Inactive Italian Army engineer unit

The 131st Engineer Battalion "Ticino" (131° Battaglione Genio Pionieri "Ticino") is an inactive military engineering unit of the Italian Army last based in Novara in Piedmont. The battalion was formed in 1958 and assigned to the Armored Division "Centauro". In 1975, the battalion was named for the Ticino river and received the number 131st, which had been used by the 131st Engineer Company that served with the 131st Armored Division "Centauro" during the Tunisian campaign in World War II. With the name and number the battalion was also assigned the flag and traditions of the 9th Engineer Regiment, which had been active between 1926 and 1943. In 1986, the Armored Division "Centauro" was disbanded and the battalion was assigned to the 3rd Army Corps. In 1993, the battalion was disbanded and part of its personnel joined the 10th Engineer Regiment.
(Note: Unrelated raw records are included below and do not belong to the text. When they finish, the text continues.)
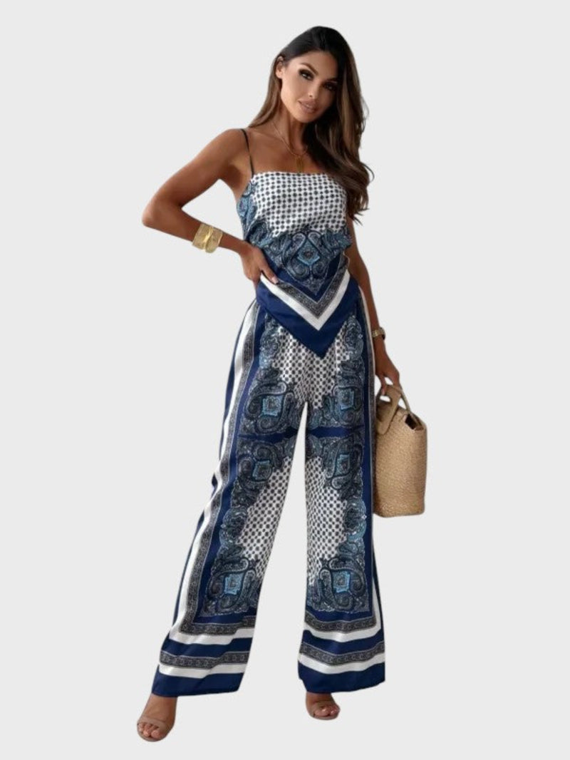 Открийте перфектната комбинация от класически чар и модерен комфорт с този комплект от две части, състоящ се от топ и панталон. Идеален за носене през целия ден, той добавя нотка на деликатност и мигновена изтънченост към всяка визия.
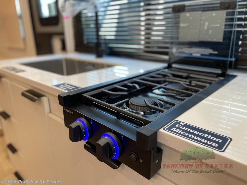 Come see just how accommodating this travel trailer can be! The two 32" x 74" twin beds up front have a nightstand in between them and a divider curtain to draw, plus they can convert into one 74" x 82" king-size bed. The 44" x 72" booth dinette slide can also convert into an extra sleeping space when you're not using it for mealtime or playing games. Everyone can get squeaky clean in the full rear bathroom, and the wardrobe is a convenient place to store your linens and extra clothes. Grab a snack from the kitchen pantry or pop a bag of popcorn in the convection microwave then watch a movie on the Smart TV or head outdoors and relax underneath the power awning!
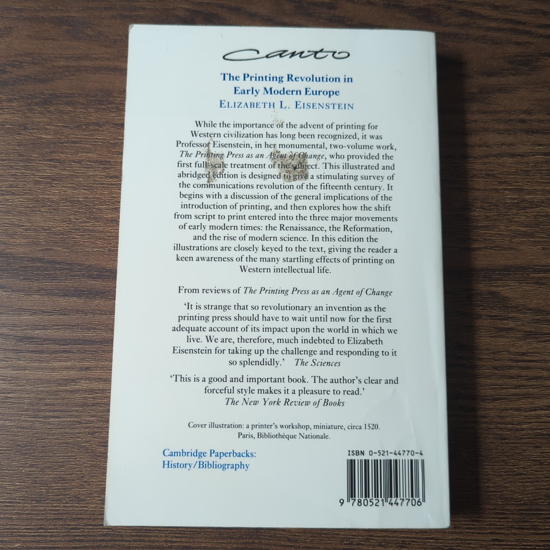 "It is strange that so revolutionary an invention as the printing press should have to wait until now for the first adequate account of its impact upon the world in which we live. We are, therefore, much indebted to Elizabeth Eisenstein for taking up the challenge and responding to it so splendidly."
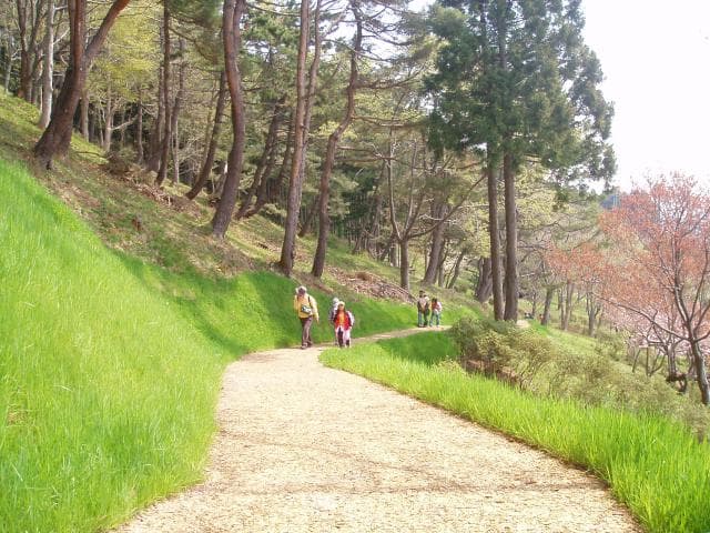 遊歩道の整備を行ない、気軽に散策出来るようになりました。薬師山・萩山を背にした丘陵地区には、野球場、テニスコート、グラウンドなどの各種スポーツ施設、遊具公園があり、家族や仲間が楽しむ憩いの場となっています。春には芝桜が薬師山を彩ります。
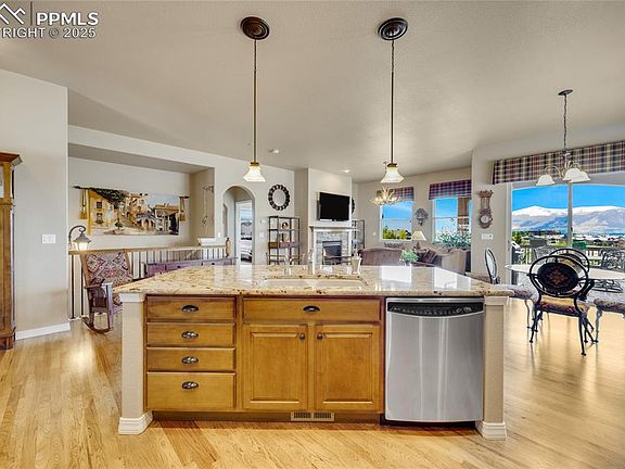 STUNNING MULTI-MILLION-DOLLAR VIEWS for Less! Experience luxury living in the exclusive Flying Horse Golf Community, with breathtaking views of Pikes Peak and the Front Range from your large covered deck! This meticulously maintained home, situated on a prime corner lot, offers maintenance-free living at its finest. Key Features: PANORAMIC VIEWS from a refurbished Trex Deck (2023) with gas grill hookup and remote sunshade. MAIN LEVEL PRIMARY SUITE with private deck access, custom walk-in closet, and granite dual vanities. ELEGANT GOURMET KITCHEN with stainless steel appliances, granite countertops, large island with bar, and spacious walk-in pantry. EXPANSIVE LOWER LEVEL includes a handsome gas fireplace, stone surround, granite wet bar with dishwasher and wine rack, two additional bedrooms, a full bathroom, and a large unfinished storage room. IMPECCABLE WOOD FLOORING throughout the home, plus a no-slip coated covered front porch and garage floor. MODERN AMENITIES like upgraded lighting, new water heater (2023), radon mitigation system (2021), and tile roof (2015). ASSOCIATION SERVICES include landscaping, snow removal, trash, and recycling. The FLYING HORSE COMMUNITY offers unparalleled amenities, including the private Tom Weiskopf Golf Course, dining options, wine lockers, and guest bungalows. Stay fit at the athletic club with a fitness center, lap pool, water park, tennis courts, and elite spa. Enjoy miles of scenic trails, parks, and top-rated District 20 schools. This is one of the few properties left which offer views onto the future site of the Colorado Springs Temple and gardens of The Church of Jesus Christ of Latter-day Saints! Don’t miss out on this incredible opportunity. Schedule a showing today before this one-of-a-kind residence is gone!

The battalion's anniversary falls, as for all engineer units, on 24 June 1918, the last day of the Second Battle of the Piave River.

== History ==
=== Interwar years ===
On 1 October 1922, the Royal Italian Army formed the 9th Army Corps Engineer Grouping in Trani. The grouping received a Sappers Battalion and a Telegraphers Battalion, which had been formed on 1 April 1920 for the XI Army Corps. On the same date, 1 October 1922, the XI Army Corps was renumbered as IX Army Corps. The grouping also received a miners company from the disbanded Miners Engineer Regiment. After its formation the grouping consisted of a command, a sappers-miners battalion, a telegraphers battalion, which included three dovecotes located in Brindisi, Ancona, and Taranto, a photo-electricians company, and a depot. On 30 September 1926, the grouping was renamed 9th Engineer Regiment. On 28 October 1932, the regiment received the 9th Company/ V Battalion of the disbanded 1st Radio-Telegraphers Regiment.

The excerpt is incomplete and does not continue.